Mekonnen Teshome and Tesfaye Abate – Ethiopia has long struggled with access to clean water. But the spotlight that COVID-19 has shone on the sanitation and hygiene sector in Addis Ababa, the 133-year-old capital city, has presented an opportunity to place sanitation and hygiene at the center of strategies to protect people’s health.
Bekele Balcha, a security guard serving the Eka Kotebe Hospital, which is the main COVID-19 quarantine center in Addis Ababa, explains that since the pandemic hit, the water supply in the hospital and nearby community has been outstanding. “If the tap water is interrupted, the Addis Ababa Water and Sewage Authority supplies with its water tanker vehicles, and they are at our disposal anytime to address water related problems,” he said.
“If you encounter any water related problem, you have a free call system at “804” and reach the concerned authority sections to inform the situation.
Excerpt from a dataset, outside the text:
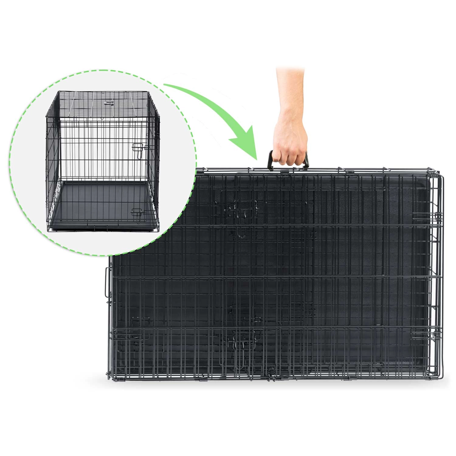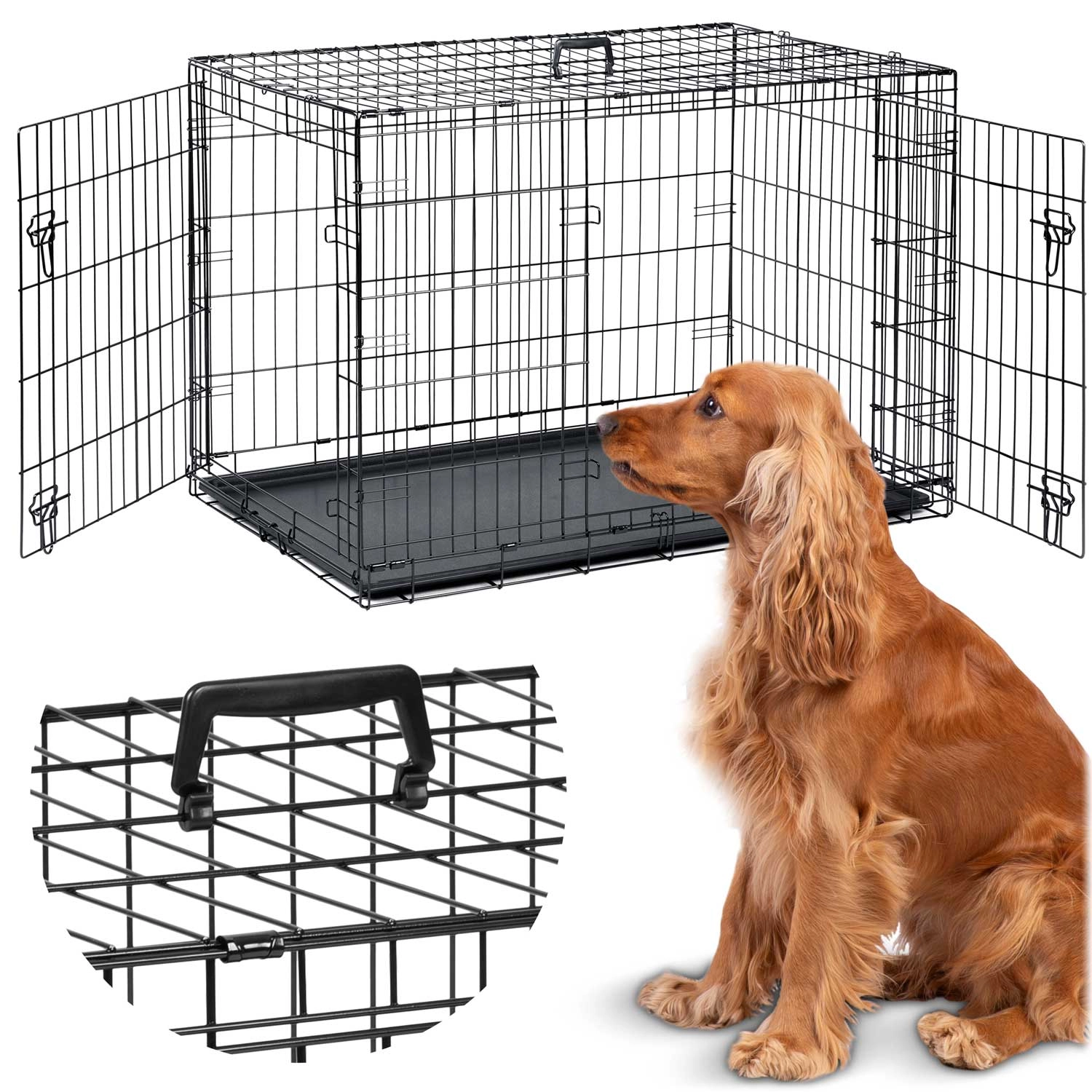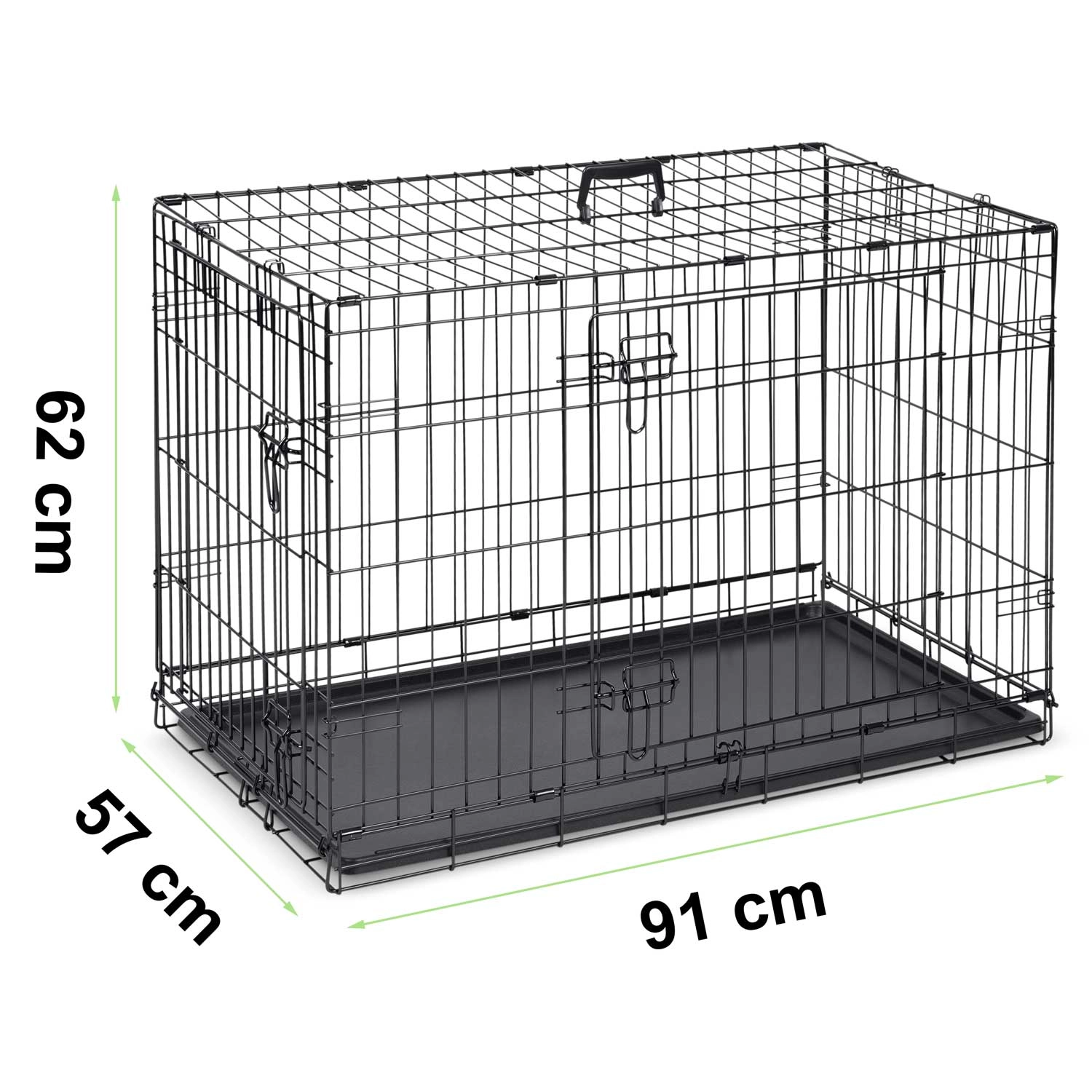 Praktična in trpežna kovinska kletka za pse v velikosti M vašemu ljubljenčku nudi varno in udobno mesto doma in na poti. Zaradi dvojih vrat (sprednjih in stranskih), lahko čistljive izvlečne posodice ter hitrega zlaganja v raven kovček z ročajem je idealna za vsakodnevno uporabo, trening in prevoz v avtomobilu.

I see a very encouraging responsiveness in the water supply services during this COVID-19 time.”
Despite long standing challenges, the fight against the Covid-19 pandemic is enabling wide availability of affordable hygiene products and services and embedding a culture of good sanitation and hygiene in Ethiopian communities. And such actions could facilitate building resilience against future hygiene diseases.
Unmet Water Demand
In the fight against the coronavirus pandemic, clean water is paramount. The World Health Organization (WHO) recommends installing hand hygiene facilities in front of public and private commercial buildings as well as at all transport hubs for people to wash their hands regularly to reduce the spread of infections.
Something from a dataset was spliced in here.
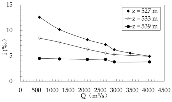 Figure 6 highlights the dependence of the average upstream bed gradient i on the flood discharge Q. Figure 6 shows that i is greater with a lower z. As the GCD drop enlarges the elevation difference between x = 1300 m and x = 0, the bed tends to develop to be steeper. Figure 6 also indicates that i is approximately independent of Q for z = 539 m, but decreases with Q for z = 533 m and z = 527 m. As shown in Figure 4 and Figure 5, the final bed elevation at x = 0 is fixed at the GCD. Thus, the increasing Q erodes more sediment from the upstream bed, resulting in a lower upstream bed level and a smaller average gradient.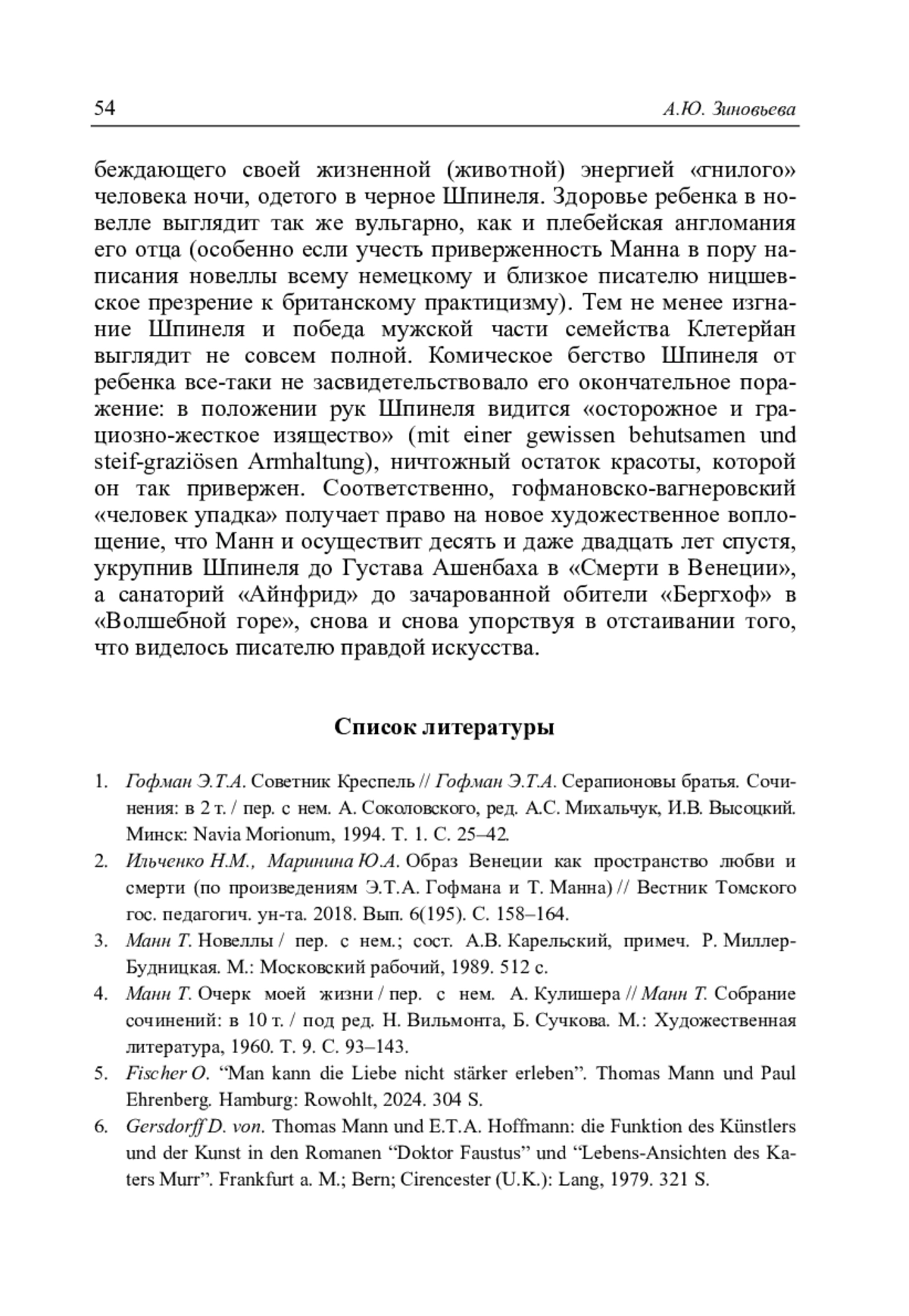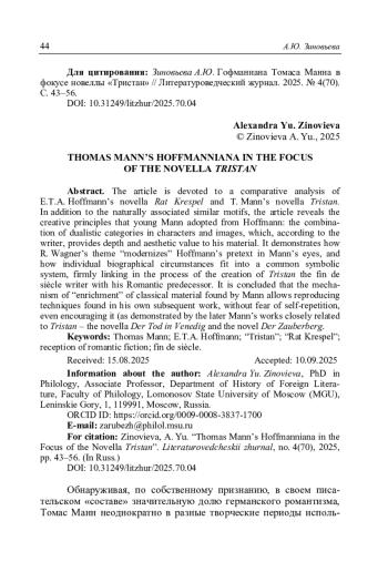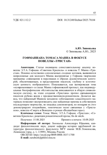 Зиновьева А.Ю. Гофманиана Томаса Манна в фокусе новеллы «Тристан» // Литературоведческий журнал. 2025. No 4(70). С. 43–56.

However, access to clean water remains one of the challenges in the fight against this pandemic, and water demand is unmet in many countries around the world. Likewise, Addis Ababa, the capital of Ethiopia, shares this same problem as many of its residents lack access to safe water.
According to the World Bank, only 63 percent of Ethiopia’s 108,113,150 (July 2020 est.) population and just 4 percent of Ethiopia’s urban population of 24,463,423 (21.3 % of total population) have, “safely-managed water” available in their premises and free from contamination in Ethiopia.
Factors like recurrent droughts, floods, and rising temperatures make it more difficult to manage water resources effectively and to ensure continuity in water service delivery.
Addis Ababa Water and Sewerage Authority (AAWSA), a public utility that manages supply of piped water systems in the 133-year-old capital city is only able to supply safe water to two-thirds of the city population, pumping 575,000 cubic meters of potable water to its inhabitants daily. The demand for safe water by the remaining one-third of the city residents is not met. Their only option is to walk up to 2km to access water sources, some containing unsafe water.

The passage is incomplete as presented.